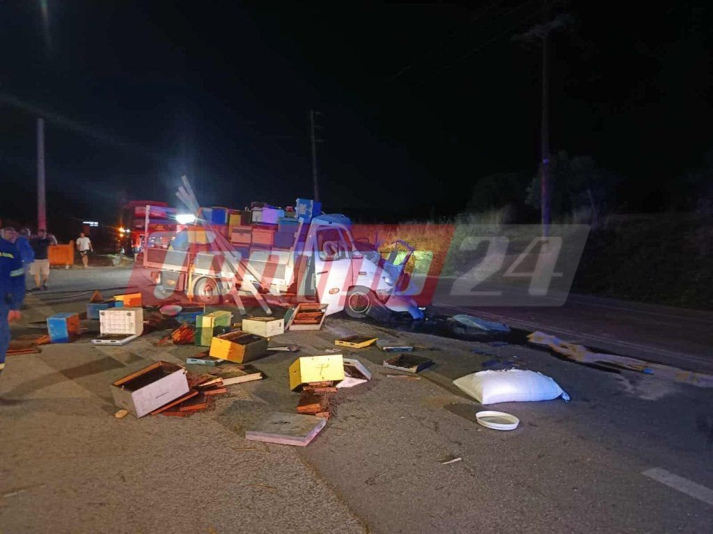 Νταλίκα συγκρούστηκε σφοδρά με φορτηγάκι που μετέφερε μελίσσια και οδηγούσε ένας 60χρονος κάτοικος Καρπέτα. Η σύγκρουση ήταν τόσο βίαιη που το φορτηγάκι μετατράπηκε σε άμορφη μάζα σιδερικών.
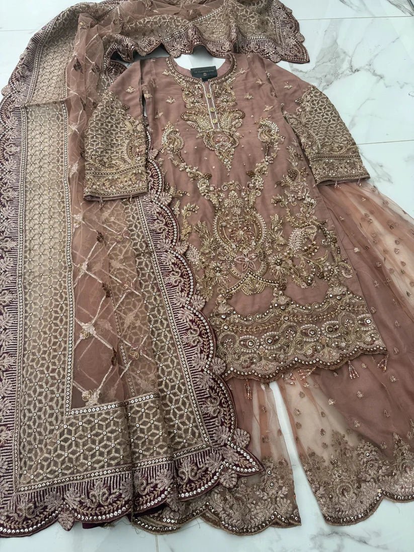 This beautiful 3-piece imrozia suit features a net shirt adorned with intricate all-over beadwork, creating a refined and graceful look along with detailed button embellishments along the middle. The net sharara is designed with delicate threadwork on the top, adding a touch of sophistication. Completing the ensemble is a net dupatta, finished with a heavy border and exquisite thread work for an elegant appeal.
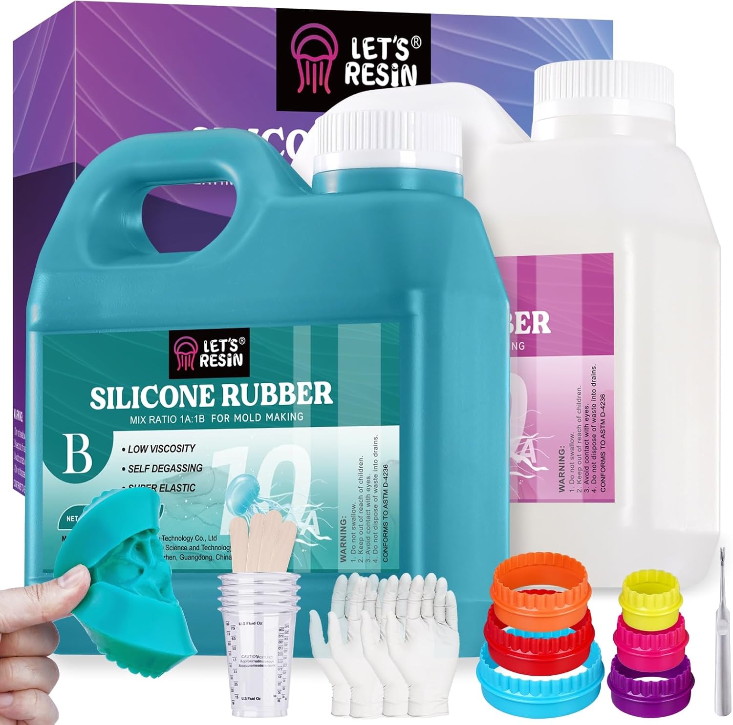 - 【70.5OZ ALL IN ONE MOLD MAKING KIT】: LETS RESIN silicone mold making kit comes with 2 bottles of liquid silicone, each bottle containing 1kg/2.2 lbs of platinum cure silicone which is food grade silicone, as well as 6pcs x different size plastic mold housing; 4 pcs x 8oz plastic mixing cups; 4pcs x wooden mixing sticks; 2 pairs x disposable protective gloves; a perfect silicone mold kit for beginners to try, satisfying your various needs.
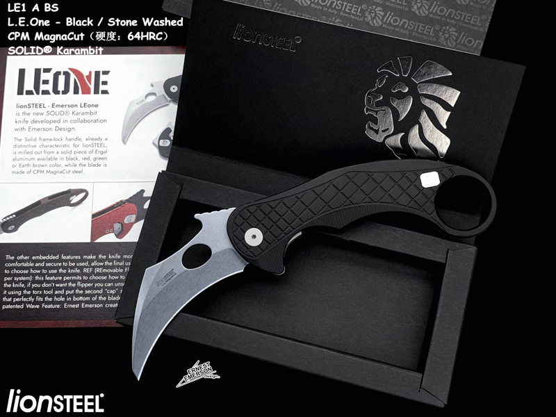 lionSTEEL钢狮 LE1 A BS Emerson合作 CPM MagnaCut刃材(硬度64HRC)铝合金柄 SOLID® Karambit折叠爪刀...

==

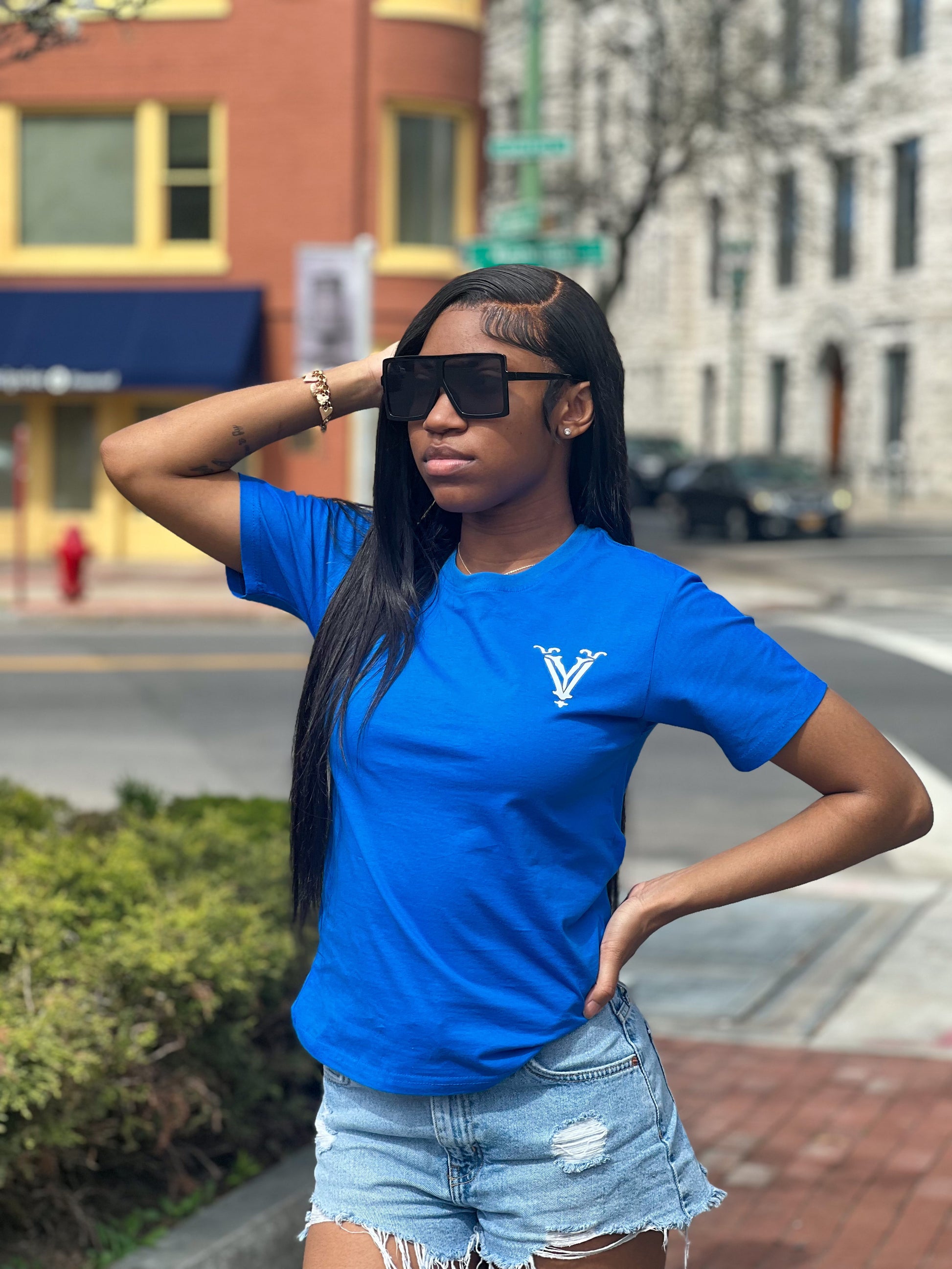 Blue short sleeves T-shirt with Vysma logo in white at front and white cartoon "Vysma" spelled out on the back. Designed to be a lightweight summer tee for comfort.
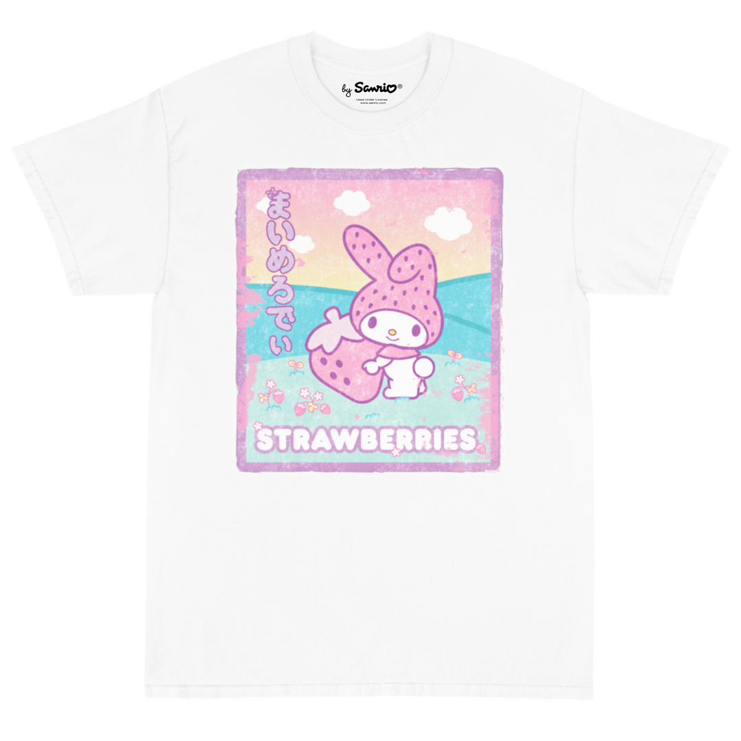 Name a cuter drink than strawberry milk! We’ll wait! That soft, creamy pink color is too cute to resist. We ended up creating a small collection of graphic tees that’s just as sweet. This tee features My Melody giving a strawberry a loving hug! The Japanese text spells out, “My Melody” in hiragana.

...

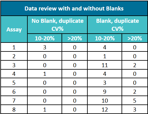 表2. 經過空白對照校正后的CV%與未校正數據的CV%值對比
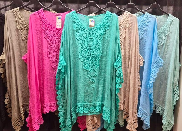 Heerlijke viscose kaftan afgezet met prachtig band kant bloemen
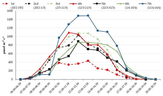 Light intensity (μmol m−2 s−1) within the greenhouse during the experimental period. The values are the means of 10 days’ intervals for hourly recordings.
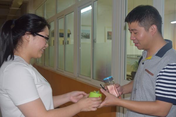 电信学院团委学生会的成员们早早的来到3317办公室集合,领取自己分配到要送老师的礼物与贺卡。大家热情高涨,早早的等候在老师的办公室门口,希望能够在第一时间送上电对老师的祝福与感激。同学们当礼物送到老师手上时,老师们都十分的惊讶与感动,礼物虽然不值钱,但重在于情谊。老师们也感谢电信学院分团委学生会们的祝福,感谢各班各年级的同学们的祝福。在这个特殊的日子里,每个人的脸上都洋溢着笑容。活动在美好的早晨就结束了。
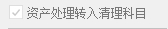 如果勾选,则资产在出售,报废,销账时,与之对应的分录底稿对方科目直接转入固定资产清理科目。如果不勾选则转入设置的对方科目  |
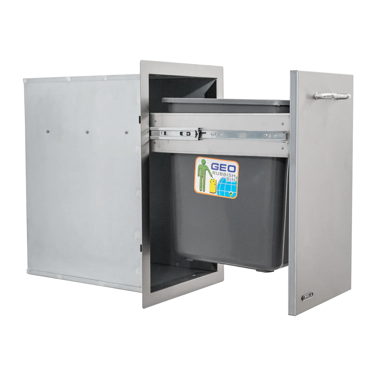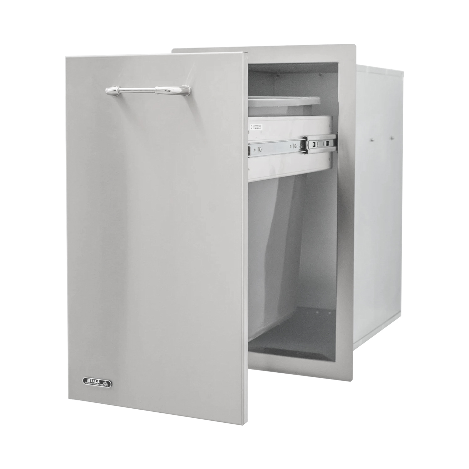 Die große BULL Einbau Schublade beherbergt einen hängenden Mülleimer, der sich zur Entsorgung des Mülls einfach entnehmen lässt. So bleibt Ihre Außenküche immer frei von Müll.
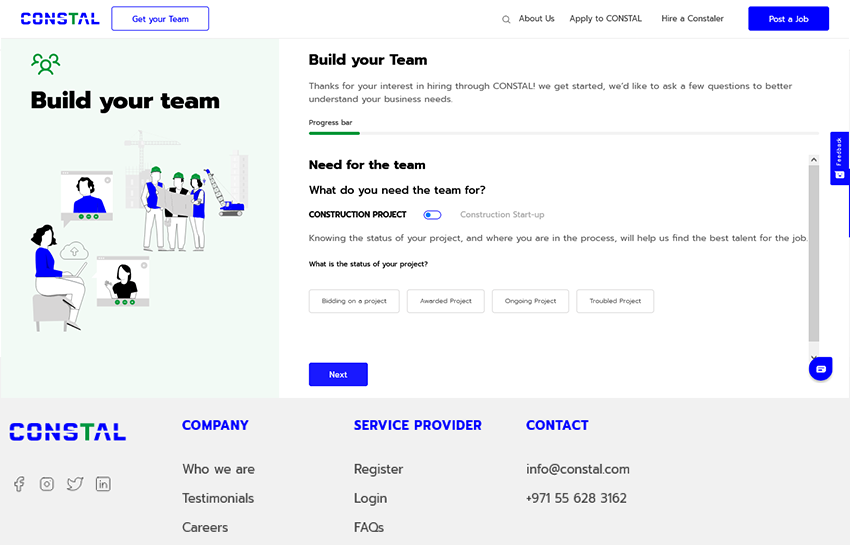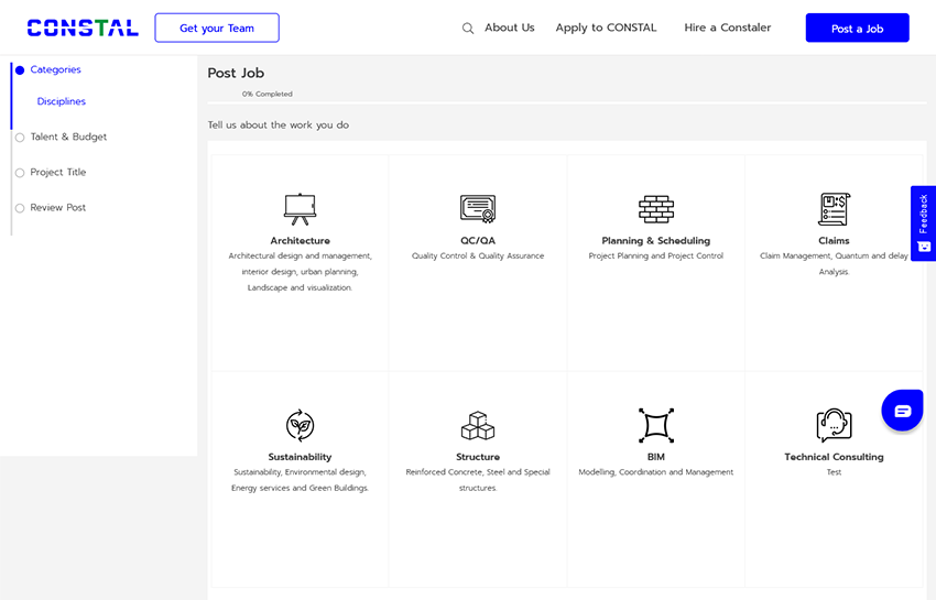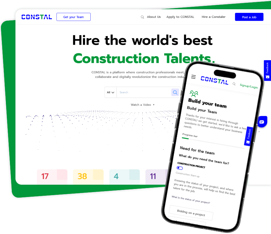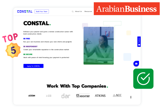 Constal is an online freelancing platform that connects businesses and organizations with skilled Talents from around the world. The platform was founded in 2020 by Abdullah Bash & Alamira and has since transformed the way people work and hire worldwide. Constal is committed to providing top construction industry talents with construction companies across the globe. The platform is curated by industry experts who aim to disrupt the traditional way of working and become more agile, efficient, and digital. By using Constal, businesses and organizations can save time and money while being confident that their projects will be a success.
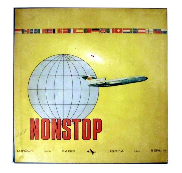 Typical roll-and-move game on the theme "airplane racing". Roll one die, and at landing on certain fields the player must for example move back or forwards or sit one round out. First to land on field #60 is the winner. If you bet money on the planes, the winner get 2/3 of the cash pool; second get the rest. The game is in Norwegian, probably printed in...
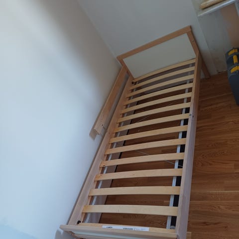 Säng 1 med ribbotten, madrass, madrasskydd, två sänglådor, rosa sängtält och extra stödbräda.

→ **THE TASK**
Both the line containing "Heerlijke viscose kaftan" and the line containing "Säng 1 med ribbotten, madrass, madrasskydd, två" above belong in the output, as do the lines between them. Print them exactly, without pictures.

→ **ANSWER TO THIS EXERCISE**
 Heerlijke viscose kaftan afgezet met prachtig band kant bloemen
 Light intensity (μmol m−2 s−1) within the greenhouse during the experimental period. The values are the means of 10 days’ intervals for hourly recordings.
 电信学院团委学生会的成员们早早的来到3317办公室集合,领取自己分配到要送老师的礼物与贺卡。大家热情高涨,早早的等候在老师的办公室门口,希望能够在第一时间送上电对老师的祝福与感激。同学们当礼物送到老师手上时,老师们都十分的惊讶与感动,礼物虽然不值钱,但重在于情谊。老师们也感谢电信学院分团委学生会们的祝福,感谢各班各年级的同学们的祝福。在这个特殊的日子里,每个人的脸上都洋溢着笑容。活动在美好的早晨就结束了。
 如果勾选,则资产在出售,报废,销账时,与之对应的分录底稿对方科目直接转入固定资产清理科目。如果不勾选则转入设置的对方科目  |
 Die große BULL Einbau Schublade beherbergt einen hängenden Mülleimer, der sich zur Entsorgung des Mülls einfach entnehmen lässt. So bleibt Ihre Außenküche immer frei von Müll.
 Constal is an online freelancing platform that connects businesses and organizations with skilled Talents from around the world. The platform was founded in 2020 by Abdullah Bash & Alamira and has since transformed the way people work and hire worldwide. Constal is committed to providing top construction industry talents with construction companies across the globe. The platform is curated by industry experts who aim to disrupt the traditional way of working and become more agile, efficient, and digital. By using Constal, businesses and organizations can save time and money while being confident that their projects will be a success.
 Typical roll-and-move game on the theme "airplane racing". Roll one die, and at landing on certain fields the player must for example move back or forwards or sit one round out. First to land on field #60 is the winner. If you bet money on the planes, the winner get 2/3 of the cash pool; second get the rest. The game is in Norwegian, probably printed in...
 Säng 1 med ribbotten, madrass, madrasskydd, två sänglådor, rosa sängtält och extra stödbräda.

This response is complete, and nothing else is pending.